Он ничего не ответил; он был похож на загнанного зверя. Но она поняла, что у него все еще нет доказательств, и, чтобы успокоить его, проговорила:
— Видишь, я ошиблась. Твоя жена — порядочная женщина, честное слово!.. А теперь, миленький, надо идти домой и лечь спать. Это необходимо для тебя.
Он не двигался с места.
— Эй, слушай-ка, убирайся вон! Я не могу оставить тебя… Уж не собираешься ли ты здесь поселиться?
— Да, пойдем ляжем, — пробормотал он.
Она сдержала гнев, хотя ей не терпелось выгнать его.
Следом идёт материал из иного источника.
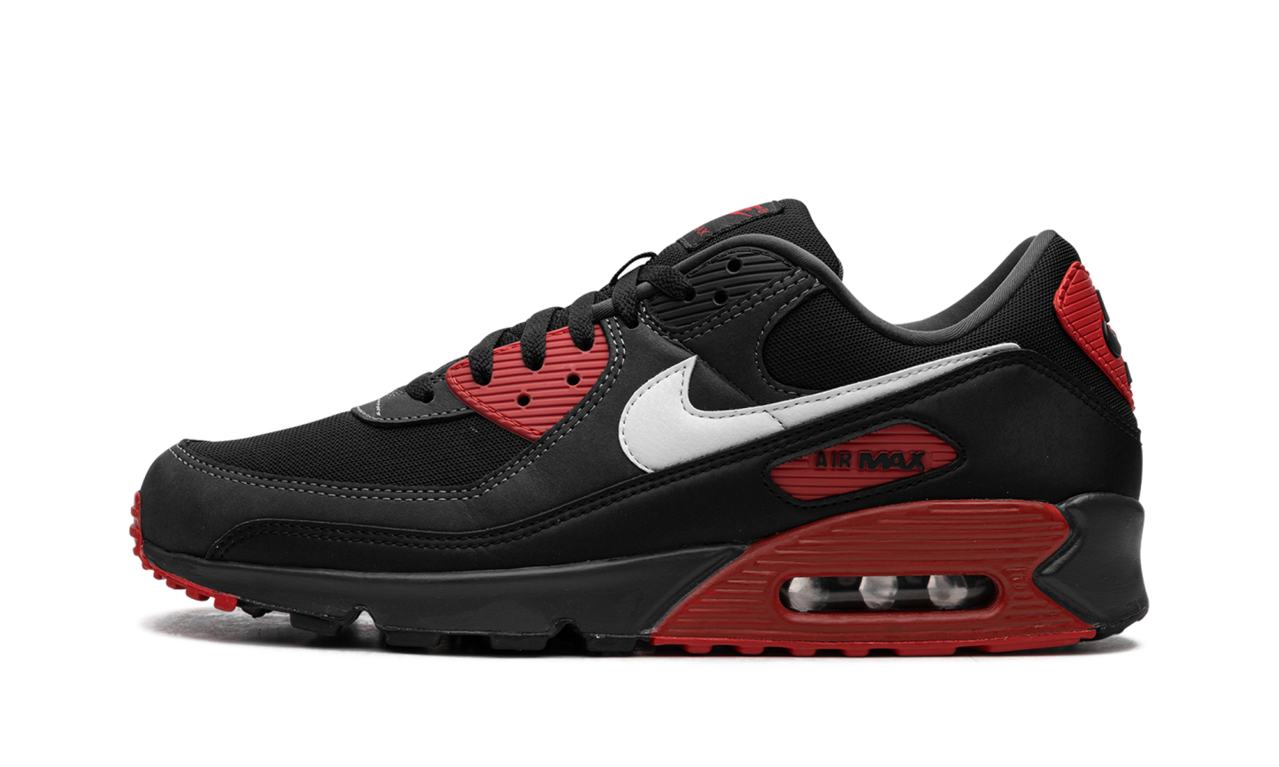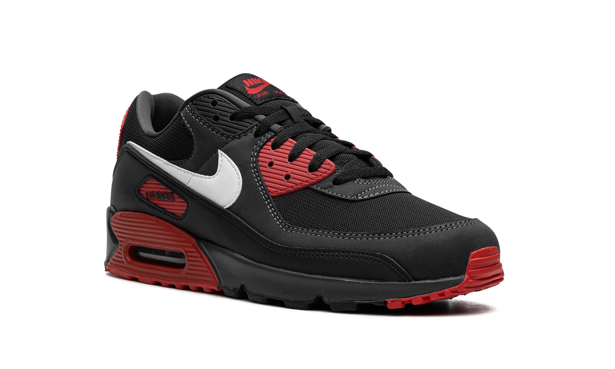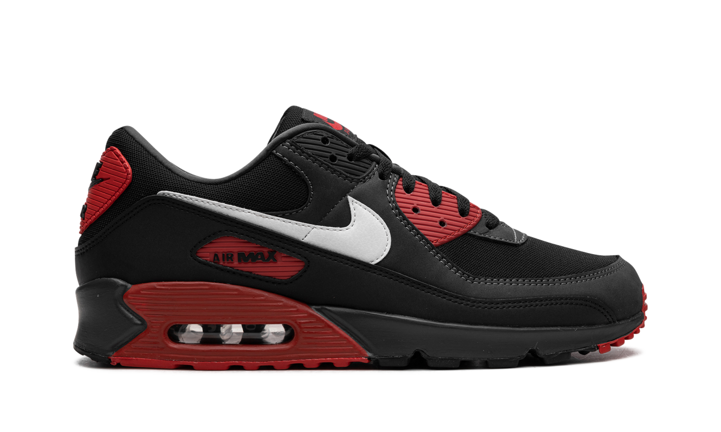 The Nike Air Max 90 "Black/Red" is a colorway of the retro running shoe with fiery red accents. Debuted as the Nike Air Max 3 back in 1990 before changing to the Air Max 90, the retro sneaker is one of the most beloved in all of Nike’s footwear catalog. The “Black/Red” colorway features a black textile base paired with a tonal nubuck mid-panel and mudguard. A white leather Swoosh is seen on both sides of the shoe and a red “Air Max” branding window is found on the lateral side of the mudguard. Additional branding elements include “Nike Air” detailing on the heel and “Nike” logo imagery on the tongue. A visible Air cushioning unit is located within the red-colored panel on the midsole. Release date: September 25, 2023 Black / Red

Поглупел он, что ли?
— Ладно, убирайся, — повторила она.
— Нет.
Тогда она окончательно вышла из себя.
— Да это просто противно!.. Пойми, что я тобой сыта по горло; иди к своей жене, которая тебе изменяет. Да, да, она тебе изменяет, можешь мне поверить… Ну, что? Получил? Оставишь ты меня, наконец, в покое?
Глаза Мюффа наполнились слезами. Он умоляюще сложил руки.
— Пойдем ляжем.
Тут Нана совсем потеряла голову, у нее сжалось горло от нервного рыдания. В конце концов почему она должна служить отдушиной! Какое ей дело до всех этих историй? Конечно, она по доброте душевной старалась как можно осторожнее открыть ему глаза. И теперь ей же приходится за все отвечать! Ну уж, извините! Хоть у нее и доброе сердце, но не настолько.
— К черту! Будет с меня! — кричала она, колотя кулаком по столу. — А я-то еще распиналась, хотела быть преданной. Да, милый мой, мне нужно сказать только слово, и завтра же я буду богачкой.
Граф с удивлением поднял голову. Он никогда не думал о деньгах. Да если она только чего-нибудь пожелает, он тотчас же исполнит ее желание. Все его состояние принадлежит ей.
— Нет, поздно, — возразила она. — Я люблю мужчин, которые дают, не дожидаясь, чтобы их просили… Нет, если бы ты предложил мне целый миллион за одну только ночь, я бы и то отказалась. Конечно, у меня кое-что другое есть… Проваливай, или я за себя больше не ручаюсь. Я на все способна.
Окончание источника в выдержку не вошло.